### INFORMATION PROVIDED
-- Opening Marker --
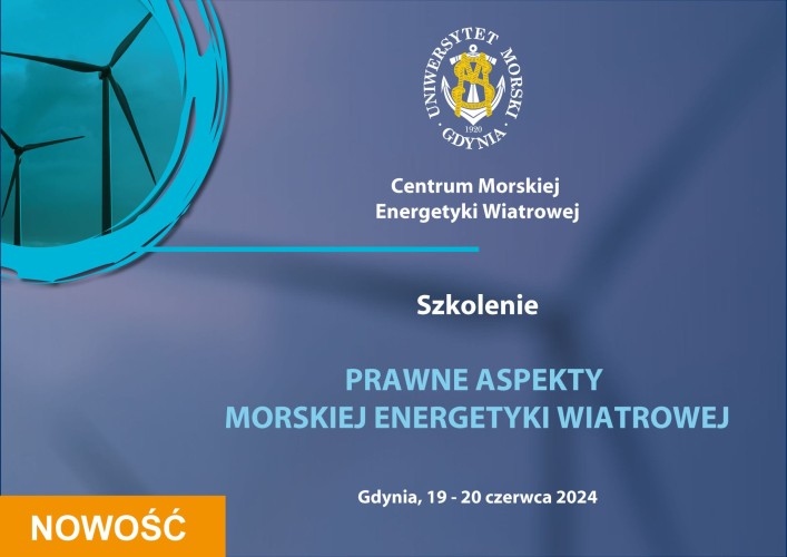 Już 19-20 czerwca na Uniwersytecie Morskim w Gdyni odbędzie się kolejne szkolenie z zakresu morskiej energetyki wiatrowej. Organizowane przez Centrum Morskiej Energetyki Wiatrowej UMG szkolenie dotyczyć będzie prawnych aspektów morskiej energetyki wiatrowej.
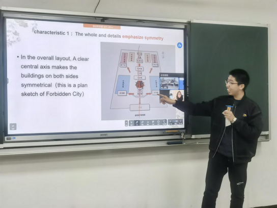 学生通过精心准备的PPT,与英方同学分享了中国现代建筑和中国传统建筑两种鲜明的建筑类型,从建筑的起源与发展、设计特点及代表建筑物等方面向英方同学介绍了中国建筑。同学们通过图片、视频和文字展示了中国建筑文化的源远流长与博大精深。同时,英方同学也通过生动的图片和语言向大家展示了英国欧式建筑并介绍了欧式建筑特点,引起中方同学极大的兴趣。
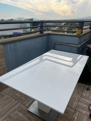 🌟 Mesa de terraza extensible + conjunto de sillas 🌟 ℹ️ Estado general: - Mesa con pequeños rayones del uso - Sillas con desgaste normal - Todo firme y estable, nada cojo, funciona perfectamente ✅ Mesa extensible: se abre fácilmente para ganar espacio cuando tienes invitados ✅ Gran capacidad: perfecta tanto para uso diario como para reuniones ✅ Material resistente: apta para exterior ✅ Diseño moderno y limpio que combina con todo 🪑 Incluye lote de sillas (varias unidades): - Cómodas, con respaldo alto - Estilo moderno en color burdeos - Estructura resistente - Uso normal del tiempo (están un poco usadas).
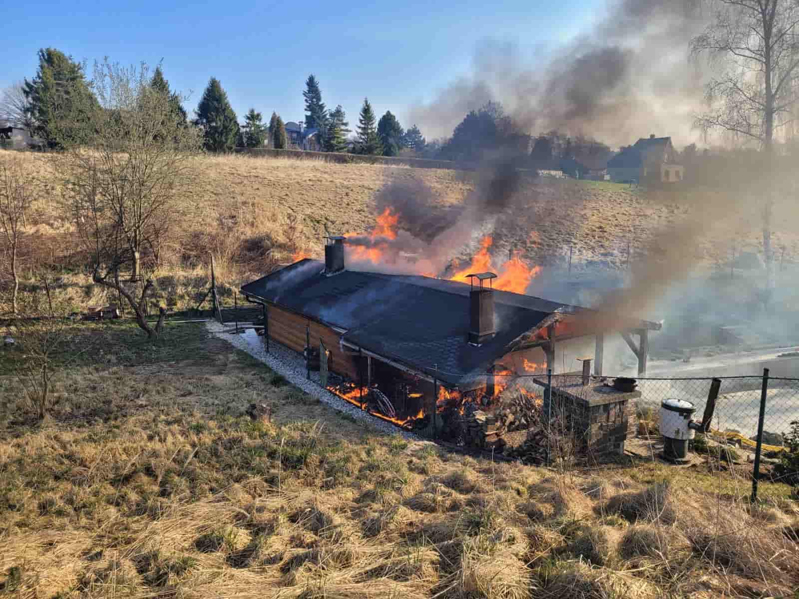 V neděli ráno vyjížděly profesionální a dobrovolné jednotky hasičů k požáru zahradního domku, který byl již při jejich příjezdu plně zasažen plameny. Zásah si vyžádal rychlé nasazení dvou vodních proudů a rozebrání části konstrukce.
-- Closing Marker --
### TASK OBJECTIVE
Each line above should be returned exactly as written, apart from any pictures.

### ANSWER SPACE
 Już 19-20 czerwca na Uniwersytecie Morskim w Gdyni odbędzie się kolejne szkolenie z zakresu morskiej energetyki wiatrowej. Organizowane przez Centrum Morskiej Energetyki Wiatrowej UMG szkolenie dotyczyć będzie prawnych aspektów morskiej energetyki wiatrowej.
 学生通过精心准备的PPT,与英方同学分享了中国现代建筑和中国传统建筑两种鲜明的建筑类型,从建筑的起源与发展、设计特点及代表建筑物等方面向英方同学介绍了中国建筑。同学们通过图片、视频和文字展示了中国建筑文化的源远流长与博大精深。同时,英方同学也通过生动的图片和语言向大家展示了英国欧式建筑并介绍了欧式建筑特点,引起中方同学极大的兴趣。
 🌟 Mesa de terraza extensible + conjunto de sillas 🌟 ℹ️ Estado general: - Mesa con pequeños rayones del uso - Sillas con desgaste normal - Todo firme y estable, nada cojo, funciona perfectamente ✅ Mesa extensible: se abre fácilmente para ganar espacio cuando tienes invitados ✅ Gran capacidad: perfecta tanto para uso diario como para reuniones ✅ Material resistente: apta para exterior ✅ Diseño moderno y limpio que combina con todo 🪑 Incluye lote de sillas (varias unidades): - Cómodas, con respaldo alto - Estilo moderno en color burdeos - Estructura resistente - Uso normal del tiempo (están un poco usadas).
 V neděli ráno vyjížděly profesionální a dobrovolné jednotky hasičů k požáru zahradního domku, který byl již při jejich příjezdu plně zasažen plameny. Zásah si vyžádal rychlé nasazení dvou vodních proudů a rozebrání části konstrukce.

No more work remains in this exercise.